*** Opening DATA TO PROCESS ***
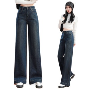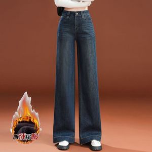 复古阔腿牛仔裤女2025秋冬款高腰显瘦宽松垂感加绒加厚直筒拖地裤
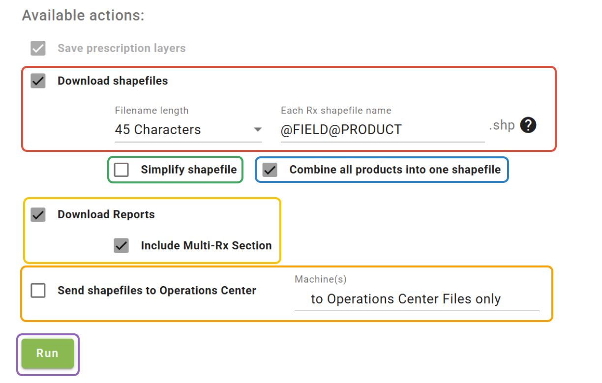 - Check the 'Send shapefiles to Operations Center™' box to send the Rx's to the files page within Operations Center™. Select machines from the dropdown to send the Rx's directly to machines.
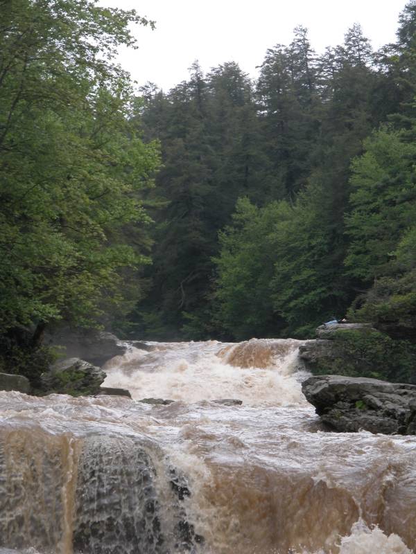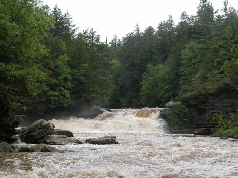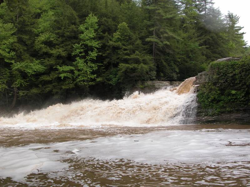 The much more impressive Muddy Creek Falls is just a short walk away. The very small Tolliver Falls is even closer. Blackwater Falls and others can be found in West Virginia's Blackwater Falls State Park 30 miles to the south. The "Yawk" repeats this performance 60 miles downstream where you can find the Ohiopyle Falls on the Youghiogheny River and the more impressive Cucumber Falls falling into the gorge.
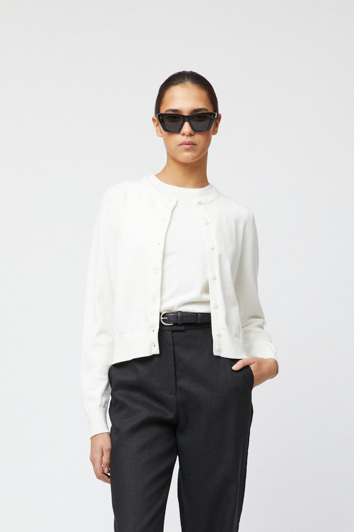 The FWSS Classic Cotton Cardigan is made from a soft cotton-silk blend that offers both comfort and a subtle, natural sheen. Designed with a slightly cropped fit that sits at the waist, it pairs beautifully with the Classic Cotton Tank for a clean, modern look.
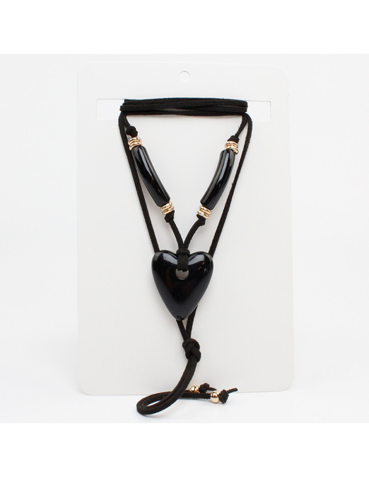 Collar de gamuza de múltiples vueltas, con dije de acrílico con forma de corazón, pasantes de acrílico marmolados y terminales en punteras. Medida: 140cm de largo.
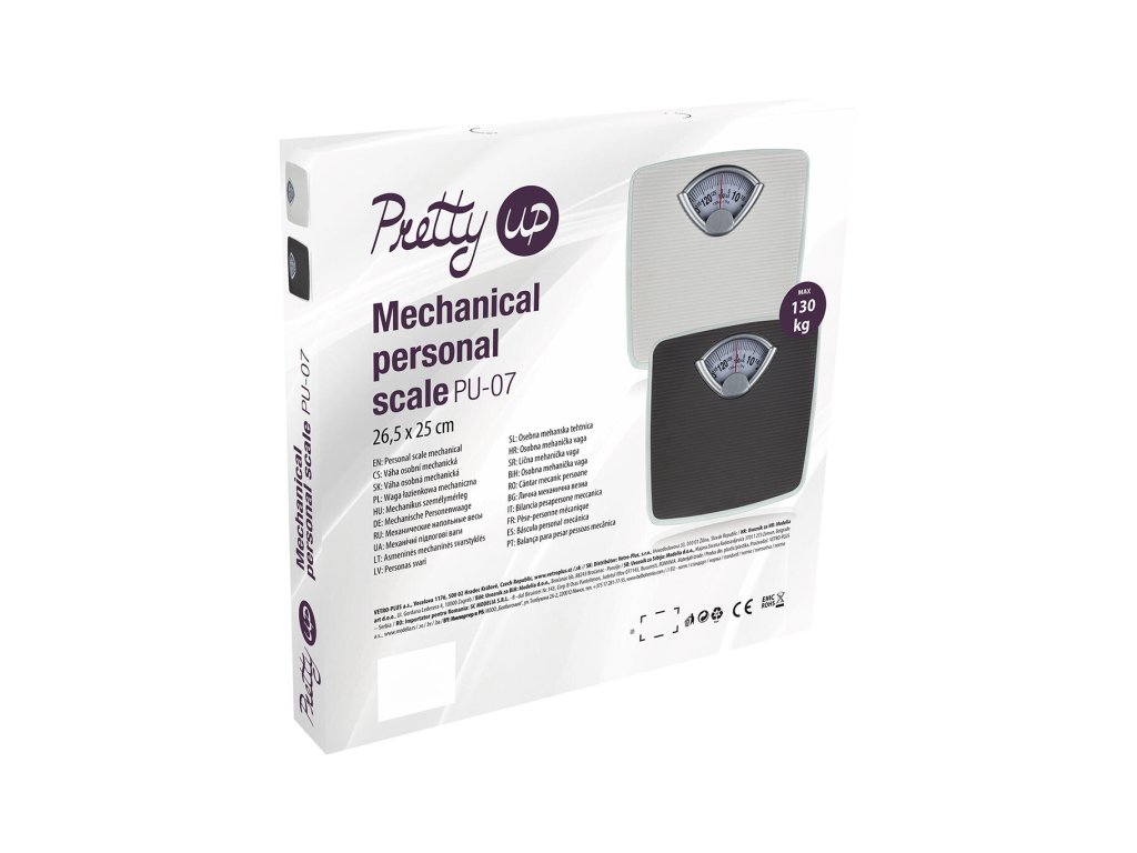Váha osobní 130 kg, mechanická, PU-07, BÍ. nosnost: 130 kg rozměry: 26,5 x 26,5 cm materiál: kov barva: bílá Osobní mechanická váha PU-07, v bílé barvě, je vhodným doplňkem každé domácnosti. Váha má dostatečně velký a dobře čitelný ukazatel a kolečko pro vynulování. Maximální nosnost 130 kg.Obrázky jsou pouze ilustrativní.
*** Closing DATA TO PROCESS ***
EXERCISE GOAL | Only these lines belong in the answer: the first line of the listing above through the line holding "- Check the", printed exactly and without pictures.

THE ANSWER |
 复古阔腿牛仔裤女2025秋冬款高腰显瘦宽松垂感加绒加厚直筒拖地裤
 - Check the 'Send shapefiles to Operations Center™' box to send the Rx's to the files page within Operations Center™. Select machines from the dropdown to send the Rx's directly to machines.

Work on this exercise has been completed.